Please report each line in the material below that includes "Pickers".

**Data:**
>>>
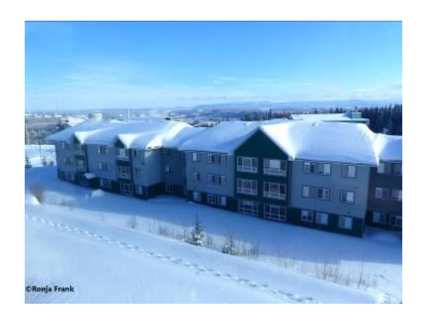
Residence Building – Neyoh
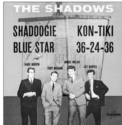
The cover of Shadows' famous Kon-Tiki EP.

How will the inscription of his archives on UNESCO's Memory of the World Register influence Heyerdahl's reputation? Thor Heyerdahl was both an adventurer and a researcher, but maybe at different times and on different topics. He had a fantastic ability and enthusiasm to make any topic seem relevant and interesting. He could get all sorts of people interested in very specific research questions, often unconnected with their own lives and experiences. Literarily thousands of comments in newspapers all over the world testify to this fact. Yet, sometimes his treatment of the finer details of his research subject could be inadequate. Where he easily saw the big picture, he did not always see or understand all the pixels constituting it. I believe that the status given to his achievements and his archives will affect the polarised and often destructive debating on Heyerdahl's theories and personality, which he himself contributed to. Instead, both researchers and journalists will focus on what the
<<<
>>>
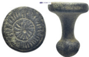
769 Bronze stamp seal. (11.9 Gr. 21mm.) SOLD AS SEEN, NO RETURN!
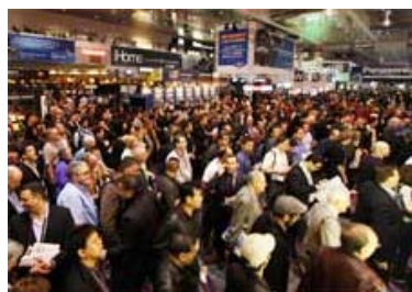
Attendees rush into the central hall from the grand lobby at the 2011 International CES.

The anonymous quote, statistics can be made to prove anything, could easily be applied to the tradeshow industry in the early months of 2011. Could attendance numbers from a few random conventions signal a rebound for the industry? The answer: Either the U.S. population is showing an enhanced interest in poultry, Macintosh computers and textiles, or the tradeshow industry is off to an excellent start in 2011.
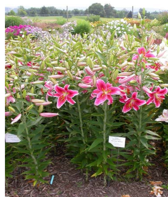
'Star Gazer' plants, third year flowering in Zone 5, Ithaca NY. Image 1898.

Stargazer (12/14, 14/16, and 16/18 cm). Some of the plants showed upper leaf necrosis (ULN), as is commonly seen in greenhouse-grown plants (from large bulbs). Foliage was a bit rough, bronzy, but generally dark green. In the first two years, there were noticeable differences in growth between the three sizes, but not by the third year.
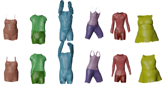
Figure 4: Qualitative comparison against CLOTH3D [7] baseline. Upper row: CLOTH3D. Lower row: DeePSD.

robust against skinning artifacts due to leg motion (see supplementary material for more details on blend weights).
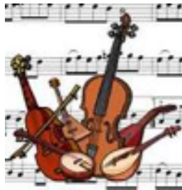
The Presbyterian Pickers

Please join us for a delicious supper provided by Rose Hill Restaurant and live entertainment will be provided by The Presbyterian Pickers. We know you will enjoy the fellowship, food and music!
<<<
>>>
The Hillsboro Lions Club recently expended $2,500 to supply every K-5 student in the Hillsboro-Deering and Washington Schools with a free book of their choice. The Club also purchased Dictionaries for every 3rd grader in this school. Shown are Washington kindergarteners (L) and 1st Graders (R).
<<<
**Output for this task:**
The Presbyterian Pickers
Please join us for a delicious supper provided by Rose Hill Restaurant and live entertainment will be provided by The Presbyterian Pickers. We know you will enjoy the fellowship, food and music!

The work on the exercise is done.